The tricky bit was installing the keel cooler. A 1 ½ inch hole needed to be drilled through the hull of the boat, well below the water line so that the keel cooler could be installed. Once again Mike was on hand for the days work. We hired a diver to spend an hour or so with us, as we would definitely need his help. The diver was given a toilet plunger and sent below. From the bilge we drilled a ¼ inch hole through the hull and left the bit sticking out. He located the protruding bit and placed the plunger over it. Now we were able to withdraw the bit and change it to a 1 ½ inch hole saw. Using the pilot hole as a guide we sent that on through the hull.

I have to tell you, I have always loved the heavy construction of older, hand laid fiberglass boats. But this was the first time I had a chance to see how solid these things are built. When we removed the hole saw the plug of fiberglass that was stuck in it was nearly ¾ on an inch thick! This isn't a boat, it's an island!

So now I am sitting here with a 1 ½ inch hole in the bottom of my boat and a diver below with a toilet plunger standing between King Neptune and me. I take the keel cooler and goop it with 3M's 5200. By the way, the keel cooler comes with a 5 foot refrigerant line attached. This entire thing is handed to my new best friend, the diver, and he takes it below. Then, we signal him with a sharp rap on the hull and he removes the toilet plunger from its post. Immediately the entire marina tries to enter the boat as water shot into the bilge. Then the tubing shows up and I grab it and pull it quickly to get all 5 feet of it inside all the while hoping that some man eating fish wouldn't find his way through the hole. As the flange starts to come through the hull the water subsides and the diver pushes the keel cooler home and seats it to the hull. I spin on the large nut that tightens this thing in place and as I take the last few turns the last drops of water stop. Note to self: buy a bigger bilge pump.

I connected all the refrigerant lines, which come precharged with refrigerant by the way, and then connected the electrical. Now for the moment of truth, would it actually do something? I turn on the switch and the compressor comes alive. After several hours the box is cold and frost is starting to cover the holding plate. After a day or so to let the system settle in I add items to my box and note how quiet the system is.
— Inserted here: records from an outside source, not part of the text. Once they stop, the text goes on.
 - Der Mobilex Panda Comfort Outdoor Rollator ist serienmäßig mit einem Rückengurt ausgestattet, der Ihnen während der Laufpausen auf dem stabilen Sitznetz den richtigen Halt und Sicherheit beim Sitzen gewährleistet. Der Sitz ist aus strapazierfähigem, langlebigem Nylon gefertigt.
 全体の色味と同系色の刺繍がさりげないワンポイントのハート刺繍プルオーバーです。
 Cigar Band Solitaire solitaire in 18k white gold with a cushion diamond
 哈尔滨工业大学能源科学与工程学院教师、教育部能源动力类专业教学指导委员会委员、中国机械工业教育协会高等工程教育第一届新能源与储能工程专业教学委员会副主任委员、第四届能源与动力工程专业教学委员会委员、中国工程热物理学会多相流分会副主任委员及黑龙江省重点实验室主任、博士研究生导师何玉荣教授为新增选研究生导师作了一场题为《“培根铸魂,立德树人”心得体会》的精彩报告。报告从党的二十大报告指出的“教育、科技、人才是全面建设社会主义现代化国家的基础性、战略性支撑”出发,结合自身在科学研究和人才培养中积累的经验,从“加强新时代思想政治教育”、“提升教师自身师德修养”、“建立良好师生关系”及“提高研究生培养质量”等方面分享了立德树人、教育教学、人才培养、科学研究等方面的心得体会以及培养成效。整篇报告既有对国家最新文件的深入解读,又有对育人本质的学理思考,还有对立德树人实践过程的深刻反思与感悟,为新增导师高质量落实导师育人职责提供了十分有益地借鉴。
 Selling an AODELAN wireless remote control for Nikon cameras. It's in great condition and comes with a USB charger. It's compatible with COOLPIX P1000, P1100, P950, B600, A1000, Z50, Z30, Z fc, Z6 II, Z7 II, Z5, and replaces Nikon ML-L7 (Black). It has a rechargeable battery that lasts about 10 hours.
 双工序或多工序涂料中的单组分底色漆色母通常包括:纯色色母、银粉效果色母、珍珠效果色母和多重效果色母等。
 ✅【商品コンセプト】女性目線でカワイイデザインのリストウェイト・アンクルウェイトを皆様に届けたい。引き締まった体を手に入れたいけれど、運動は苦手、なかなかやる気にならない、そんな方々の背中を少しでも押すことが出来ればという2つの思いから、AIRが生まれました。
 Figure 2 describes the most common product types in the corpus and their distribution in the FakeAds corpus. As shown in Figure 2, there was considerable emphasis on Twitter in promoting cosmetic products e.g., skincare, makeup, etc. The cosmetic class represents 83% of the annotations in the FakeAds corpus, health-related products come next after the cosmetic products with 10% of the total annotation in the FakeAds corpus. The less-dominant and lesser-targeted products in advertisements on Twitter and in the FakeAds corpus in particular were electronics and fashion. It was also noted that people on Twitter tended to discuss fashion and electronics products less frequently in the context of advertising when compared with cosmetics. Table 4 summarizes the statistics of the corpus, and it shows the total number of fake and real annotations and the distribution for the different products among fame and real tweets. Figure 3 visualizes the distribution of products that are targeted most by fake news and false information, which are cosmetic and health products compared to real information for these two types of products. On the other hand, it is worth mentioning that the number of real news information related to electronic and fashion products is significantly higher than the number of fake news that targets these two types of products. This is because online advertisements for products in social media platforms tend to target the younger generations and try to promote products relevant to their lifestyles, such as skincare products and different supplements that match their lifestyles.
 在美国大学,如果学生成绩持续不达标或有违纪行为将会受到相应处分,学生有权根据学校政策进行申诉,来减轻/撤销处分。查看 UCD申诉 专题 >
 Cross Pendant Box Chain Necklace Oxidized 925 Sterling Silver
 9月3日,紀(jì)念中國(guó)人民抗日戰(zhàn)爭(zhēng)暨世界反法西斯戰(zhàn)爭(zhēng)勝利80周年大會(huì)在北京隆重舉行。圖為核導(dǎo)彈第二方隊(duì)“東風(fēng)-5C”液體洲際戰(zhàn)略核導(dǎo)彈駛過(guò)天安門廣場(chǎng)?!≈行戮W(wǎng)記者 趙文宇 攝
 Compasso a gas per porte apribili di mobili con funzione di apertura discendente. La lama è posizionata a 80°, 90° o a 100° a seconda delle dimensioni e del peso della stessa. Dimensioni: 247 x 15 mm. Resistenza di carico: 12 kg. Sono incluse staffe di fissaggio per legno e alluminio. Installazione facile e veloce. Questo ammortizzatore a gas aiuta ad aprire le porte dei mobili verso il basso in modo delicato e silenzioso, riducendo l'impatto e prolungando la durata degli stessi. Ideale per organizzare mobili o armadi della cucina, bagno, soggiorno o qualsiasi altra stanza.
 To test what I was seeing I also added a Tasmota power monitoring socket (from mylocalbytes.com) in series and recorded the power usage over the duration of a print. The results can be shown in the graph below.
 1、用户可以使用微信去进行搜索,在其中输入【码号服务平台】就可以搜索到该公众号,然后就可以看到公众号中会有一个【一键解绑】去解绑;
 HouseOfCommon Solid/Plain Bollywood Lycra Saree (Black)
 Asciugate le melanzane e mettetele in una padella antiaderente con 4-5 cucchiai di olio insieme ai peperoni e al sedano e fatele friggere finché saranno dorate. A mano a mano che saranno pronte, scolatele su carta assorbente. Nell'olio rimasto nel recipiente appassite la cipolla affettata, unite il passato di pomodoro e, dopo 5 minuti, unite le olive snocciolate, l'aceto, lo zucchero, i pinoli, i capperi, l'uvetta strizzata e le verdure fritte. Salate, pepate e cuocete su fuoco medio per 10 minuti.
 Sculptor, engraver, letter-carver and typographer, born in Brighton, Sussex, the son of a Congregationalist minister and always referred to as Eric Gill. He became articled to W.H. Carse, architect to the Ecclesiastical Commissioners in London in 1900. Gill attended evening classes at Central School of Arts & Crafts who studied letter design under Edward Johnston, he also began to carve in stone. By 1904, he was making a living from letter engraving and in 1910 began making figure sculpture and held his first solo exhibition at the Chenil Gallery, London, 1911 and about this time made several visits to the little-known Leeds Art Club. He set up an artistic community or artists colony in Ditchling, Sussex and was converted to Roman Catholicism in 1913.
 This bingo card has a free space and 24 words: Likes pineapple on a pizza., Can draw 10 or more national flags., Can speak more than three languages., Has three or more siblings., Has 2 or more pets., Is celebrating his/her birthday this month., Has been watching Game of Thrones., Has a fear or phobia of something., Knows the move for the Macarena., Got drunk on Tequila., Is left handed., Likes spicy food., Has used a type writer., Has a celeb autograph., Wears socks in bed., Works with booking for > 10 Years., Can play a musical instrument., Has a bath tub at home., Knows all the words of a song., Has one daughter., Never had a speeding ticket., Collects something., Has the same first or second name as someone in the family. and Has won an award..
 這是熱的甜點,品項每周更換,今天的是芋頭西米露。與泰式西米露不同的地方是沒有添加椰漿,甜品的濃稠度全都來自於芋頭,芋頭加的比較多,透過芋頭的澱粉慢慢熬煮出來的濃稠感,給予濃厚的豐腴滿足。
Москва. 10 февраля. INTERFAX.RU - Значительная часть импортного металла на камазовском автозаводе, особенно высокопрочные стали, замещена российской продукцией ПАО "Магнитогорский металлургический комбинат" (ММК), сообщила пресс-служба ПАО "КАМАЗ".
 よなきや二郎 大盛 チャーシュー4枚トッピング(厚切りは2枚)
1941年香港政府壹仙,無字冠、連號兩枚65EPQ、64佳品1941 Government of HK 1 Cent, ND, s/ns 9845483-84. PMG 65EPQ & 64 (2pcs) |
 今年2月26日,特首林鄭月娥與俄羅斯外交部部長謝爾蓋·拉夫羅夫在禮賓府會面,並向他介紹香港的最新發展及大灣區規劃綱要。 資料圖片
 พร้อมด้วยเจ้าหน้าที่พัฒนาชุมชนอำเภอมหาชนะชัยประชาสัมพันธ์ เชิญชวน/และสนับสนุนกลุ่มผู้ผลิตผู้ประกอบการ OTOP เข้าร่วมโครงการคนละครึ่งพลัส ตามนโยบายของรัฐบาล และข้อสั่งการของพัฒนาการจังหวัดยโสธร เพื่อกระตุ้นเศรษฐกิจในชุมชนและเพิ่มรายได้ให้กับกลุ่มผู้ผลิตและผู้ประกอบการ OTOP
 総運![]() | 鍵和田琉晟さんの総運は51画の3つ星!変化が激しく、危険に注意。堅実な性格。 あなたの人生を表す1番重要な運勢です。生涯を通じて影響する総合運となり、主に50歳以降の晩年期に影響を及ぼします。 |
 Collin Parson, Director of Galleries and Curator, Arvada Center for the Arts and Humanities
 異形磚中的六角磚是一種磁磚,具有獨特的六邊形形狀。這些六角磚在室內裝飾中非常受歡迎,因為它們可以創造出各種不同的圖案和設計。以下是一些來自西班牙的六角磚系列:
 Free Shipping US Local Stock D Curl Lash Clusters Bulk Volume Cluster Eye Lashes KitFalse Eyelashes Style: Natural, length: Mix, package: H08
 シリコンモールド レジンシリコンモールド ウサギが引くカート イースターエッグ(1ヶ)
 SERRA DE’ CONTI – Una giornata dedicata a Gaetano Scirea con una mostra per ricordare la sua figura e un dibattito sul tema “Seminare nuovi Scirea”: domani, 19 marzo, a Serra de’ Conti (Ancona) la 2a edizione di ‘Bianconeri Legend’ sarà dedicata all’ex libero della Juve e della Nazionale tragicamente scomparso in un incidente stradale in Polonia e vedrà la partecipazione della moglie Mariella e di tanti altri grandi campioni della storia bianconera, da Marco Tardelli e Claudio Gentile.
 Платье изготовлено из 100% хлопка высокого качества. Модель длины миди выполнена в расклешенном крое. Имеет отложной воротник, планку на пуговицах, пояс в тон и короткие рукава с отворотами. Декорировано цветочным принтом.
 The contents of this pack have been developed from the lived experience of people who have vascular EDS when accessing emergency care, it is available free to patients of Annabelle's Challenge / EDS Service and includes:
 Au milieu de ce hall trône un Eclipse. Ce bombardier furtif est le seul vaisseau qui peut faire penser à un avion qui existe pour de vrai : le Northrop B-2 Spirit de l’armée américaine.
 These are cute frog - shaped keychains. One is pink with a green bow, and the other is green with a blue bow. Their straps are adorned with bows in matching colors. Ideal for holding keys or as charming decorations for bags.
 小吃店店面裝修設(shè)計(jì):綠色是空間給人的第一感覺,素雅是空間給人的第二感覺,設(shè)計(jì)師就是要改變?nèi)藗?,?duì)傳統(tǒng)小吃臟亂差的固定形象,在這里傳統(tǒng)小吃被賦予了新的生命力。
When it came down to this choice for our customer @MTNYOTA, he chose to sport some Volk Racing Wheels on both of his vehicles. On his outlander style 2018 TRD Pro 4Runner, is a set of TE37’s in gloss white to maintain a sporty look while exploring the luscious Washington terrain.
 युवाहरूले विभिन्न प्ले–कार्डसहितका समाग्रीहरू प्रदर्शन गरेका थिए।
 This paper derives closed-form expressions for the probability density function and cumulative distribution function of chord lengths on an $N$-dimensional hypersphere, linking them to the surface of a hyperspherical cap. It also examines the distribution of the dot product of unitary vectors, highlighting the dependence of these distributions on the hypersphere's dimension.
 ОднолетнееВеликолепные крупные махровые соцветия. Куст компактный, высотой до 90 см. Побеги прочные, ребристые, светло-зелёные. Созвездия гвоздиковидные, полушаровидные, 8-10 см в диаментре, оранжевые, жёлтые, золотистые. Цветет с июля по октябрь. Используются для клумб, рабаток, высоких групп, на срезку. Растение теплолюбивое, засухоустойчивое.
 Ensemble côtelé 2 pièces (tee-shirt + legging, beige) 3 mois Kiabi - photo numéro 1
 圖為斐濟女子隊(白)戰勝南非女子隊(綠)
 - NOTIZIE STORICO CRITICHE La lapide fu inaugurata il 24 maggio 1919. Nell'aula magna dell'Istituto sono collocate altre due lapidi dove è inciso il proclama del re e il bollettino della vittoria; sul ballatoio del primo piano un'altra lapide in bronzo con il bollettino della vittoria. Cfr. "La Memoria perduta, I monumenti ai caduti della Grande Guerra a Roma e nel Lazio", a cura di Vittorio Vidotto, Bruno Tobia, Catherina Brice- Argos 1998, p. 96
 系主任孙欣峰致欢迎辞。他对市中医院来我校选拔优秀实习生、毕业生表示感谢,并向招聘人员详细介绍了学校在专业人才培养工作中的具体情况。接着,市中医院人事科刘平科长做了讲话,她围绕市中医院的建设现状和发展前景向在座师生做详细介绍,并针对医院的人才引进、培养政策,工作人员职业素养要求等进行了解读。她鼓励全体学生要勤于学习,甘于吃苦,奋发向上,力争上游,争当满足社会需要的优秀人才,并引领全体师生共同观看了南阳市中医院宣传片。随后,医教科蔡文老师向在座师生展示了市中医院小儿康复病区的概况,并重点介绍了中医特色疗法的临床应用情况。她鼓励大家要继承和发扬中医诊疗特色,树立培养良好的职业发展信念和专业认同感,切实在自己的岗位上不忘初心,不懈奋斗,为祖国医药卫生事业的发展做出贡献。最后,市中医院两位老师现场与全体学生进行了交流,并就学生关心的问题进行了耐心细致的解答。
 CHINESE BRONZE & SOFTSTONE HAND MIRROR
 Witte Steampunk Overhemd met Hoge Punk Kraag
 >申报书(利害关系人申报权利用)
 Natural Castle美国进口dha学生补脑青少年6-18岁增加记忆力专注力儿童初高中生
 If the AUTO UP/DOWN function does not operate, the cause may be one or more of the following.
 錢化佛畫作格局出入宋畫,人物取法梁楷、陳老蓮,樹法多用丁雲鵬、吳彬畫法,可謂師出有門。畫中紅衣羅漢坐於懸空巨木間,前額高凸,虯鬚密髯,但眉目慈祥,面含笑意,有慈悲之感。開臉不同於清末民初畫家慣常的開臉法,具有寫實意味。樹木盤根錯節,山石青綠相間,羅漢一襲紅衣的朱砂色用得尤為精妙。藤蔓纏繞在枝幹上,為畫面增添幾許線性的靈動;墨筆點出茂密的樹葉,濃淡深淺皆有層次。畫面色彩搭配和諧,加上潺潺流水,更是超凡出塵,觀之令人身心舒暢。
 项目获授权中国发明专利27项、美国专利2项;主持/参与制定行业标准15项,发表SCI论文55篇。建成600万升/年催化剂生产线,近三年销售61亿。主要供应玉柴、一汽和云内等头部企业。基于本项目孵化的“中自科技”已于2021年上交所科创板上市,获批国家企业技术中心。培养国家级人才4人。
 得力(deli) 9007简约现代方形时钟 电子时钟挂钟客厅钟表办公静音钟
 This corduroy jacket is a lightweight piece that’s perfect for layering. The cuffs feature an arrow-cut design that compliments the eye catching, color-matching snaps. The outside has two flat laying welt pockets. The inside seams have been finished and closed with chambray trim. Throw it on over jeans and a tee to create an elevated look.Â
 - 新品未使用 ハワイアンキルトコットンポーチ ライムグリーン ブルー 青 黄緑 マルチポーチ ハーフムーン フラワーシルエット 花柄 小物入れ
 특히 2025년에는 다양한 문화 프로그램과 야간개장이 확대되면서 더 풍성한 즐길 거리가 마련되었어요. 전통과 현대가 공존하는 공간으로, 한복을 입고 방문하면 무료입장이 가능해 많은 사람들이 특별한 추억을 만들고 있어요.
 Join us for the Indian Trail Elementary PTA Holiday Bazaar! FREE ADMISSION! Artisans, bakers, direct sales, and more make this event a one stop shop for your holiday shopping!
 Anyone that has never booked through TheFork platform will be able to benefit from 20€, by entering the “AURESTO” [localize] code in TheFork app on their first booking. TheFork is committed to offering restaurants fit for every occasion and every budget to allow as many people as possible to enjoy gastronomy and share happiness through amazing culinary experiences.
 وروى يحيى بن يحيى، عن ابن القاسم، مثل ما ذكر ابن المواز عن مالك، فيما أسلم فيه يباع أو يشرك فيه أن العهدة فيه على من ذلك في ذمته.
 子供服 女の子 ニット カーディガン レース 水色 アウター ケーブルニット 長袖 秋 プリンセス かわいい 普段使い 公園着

Unfortunately at this point in time Mike took his boat and headed north and so the finish woodwork he was going to do now needed to be done by someone else. I hired Tom Blada, owner of The Masters Vessel who is a shipwright and

does great work. He jumped right in and got the job done for me installing a front and side panel of teak that matched the boat's interior, custom made teak lee rails, and a nice Formica top that matched the wood.

And so the project was finished except for the varnishing. That I can do myself. The fridge looks fantastic, is very efficient and damn, are my beers cold now! I placed a water bottle in the back by the holding plate and it managed to freeze solid. The two capillary gauges now read about 28 degrees F (-3 C) near the holding plate and 38 Degrees F (3 C) at the very top furthest away from the holding plate. A hanging temperature gauge mid way in the box indicates 34 degree F (1 C). Pass me a beer!